**Task objective:**
Retype the lines below exactly, but only those from the line that has "Item Description 30270" through the line that has "Ghanaians in and". Omit every picture.

**Data to process:**
---

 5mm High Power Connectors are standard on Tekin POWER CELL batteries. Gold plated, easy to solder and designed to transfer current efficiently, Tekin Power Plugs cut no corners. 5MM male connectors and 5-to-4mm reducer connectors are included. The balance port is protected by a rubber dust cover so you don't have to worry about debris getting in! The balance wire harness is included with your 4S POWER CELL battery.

---

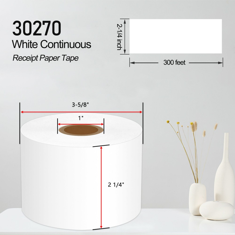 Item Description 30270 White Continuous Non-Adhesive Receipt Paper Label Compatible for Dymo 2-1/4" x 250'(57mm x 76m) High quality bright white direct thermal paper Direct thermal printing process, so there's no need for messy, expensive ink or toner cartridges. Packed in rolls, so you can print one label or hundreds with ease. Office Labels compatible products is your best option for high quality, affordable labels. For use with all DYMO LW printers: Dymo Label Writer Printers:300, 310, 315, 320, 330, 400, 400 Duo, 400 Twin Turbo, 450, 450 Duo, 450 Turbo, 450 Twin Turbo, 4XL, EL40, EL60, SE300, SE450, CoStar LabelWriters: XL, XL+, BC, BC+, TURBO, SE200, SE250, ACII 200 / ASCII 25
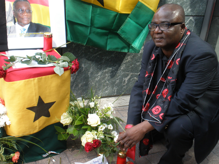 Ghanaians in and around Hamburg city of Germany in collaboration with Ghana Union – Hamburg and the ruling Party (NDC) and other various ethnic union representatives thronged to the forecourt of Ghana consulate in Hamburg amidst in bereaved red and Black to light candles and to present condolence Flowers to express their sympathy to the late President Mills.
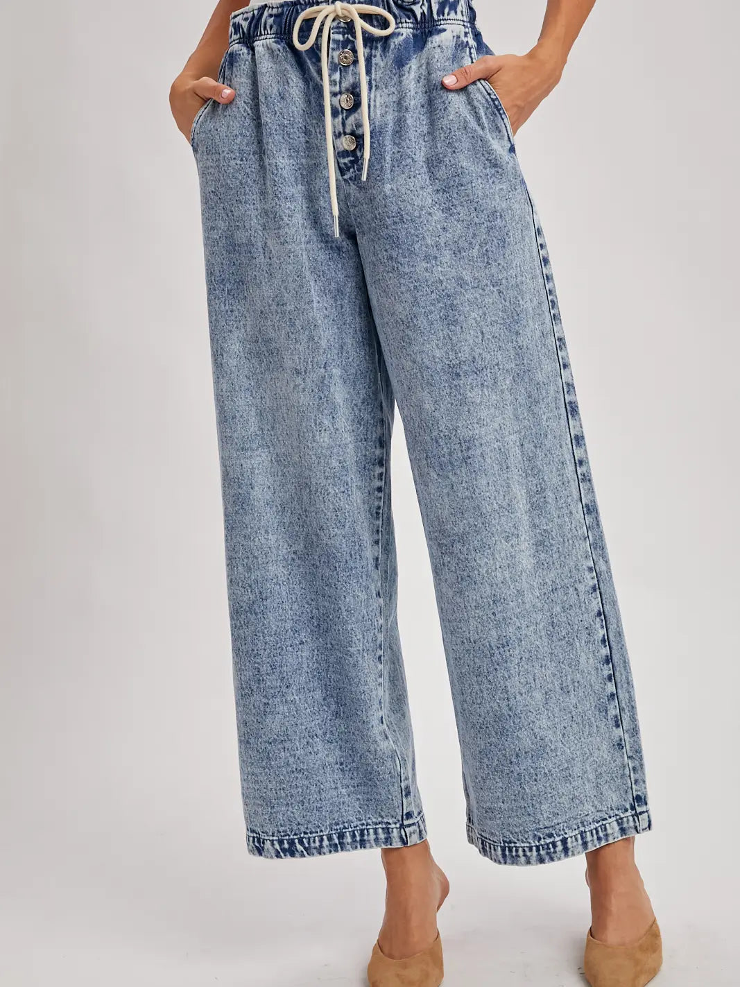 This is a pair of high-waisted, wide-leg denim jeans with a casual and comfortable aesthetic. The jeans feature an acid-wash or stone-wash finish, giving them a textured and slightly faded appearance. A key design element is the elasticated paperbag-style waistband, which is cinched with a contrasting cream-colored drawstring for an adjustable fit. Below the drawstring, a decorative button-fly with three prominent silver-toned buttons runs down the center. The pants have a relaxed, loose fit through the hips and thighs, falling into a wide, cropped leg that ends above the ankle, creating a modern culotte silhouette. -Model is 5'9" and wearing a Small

---

**Response box:**
 Item Description 30270 White Continuous Non-Adhesive Receipt Paper Label Compatible for Dymo 2-1/4" x 250'(57mm x 76m) High quality bright white direct thermal paper Direct thermal printing process, so there's no need for messy, expensive ink or toner cartridges. Packed in rolls, so you can print one label or hundreds with ease. Office Labels compatible products is your best option for high quality, affordable labels. For use with all DYMO LW printers: Dymo Label Writer Printers:300, 310, 315, 320, 330, 400, 400 Duo, 400 Twin Turbo, 450, 450 Duo, 450 Turbo, 450 Twin Turbo, 4XL, EL40, EL60, SE300, SE450, CoStar LabelWriters: XL, XL+, BC, BC+, TURBO, SE200, SE250, ACII 200 / ASCII 25
 Ghanaians in and around Hamburg city of Germany in collaboration with Ghana Union – Hamburg and the ruling Party (NDC) and other various ethnic union representatives thronged to the forecourt of Ghana consulate in Hamburg amidst in bereaved red and Black to light candles and to present condolence Flowers to express their sympathy to the late President Mills.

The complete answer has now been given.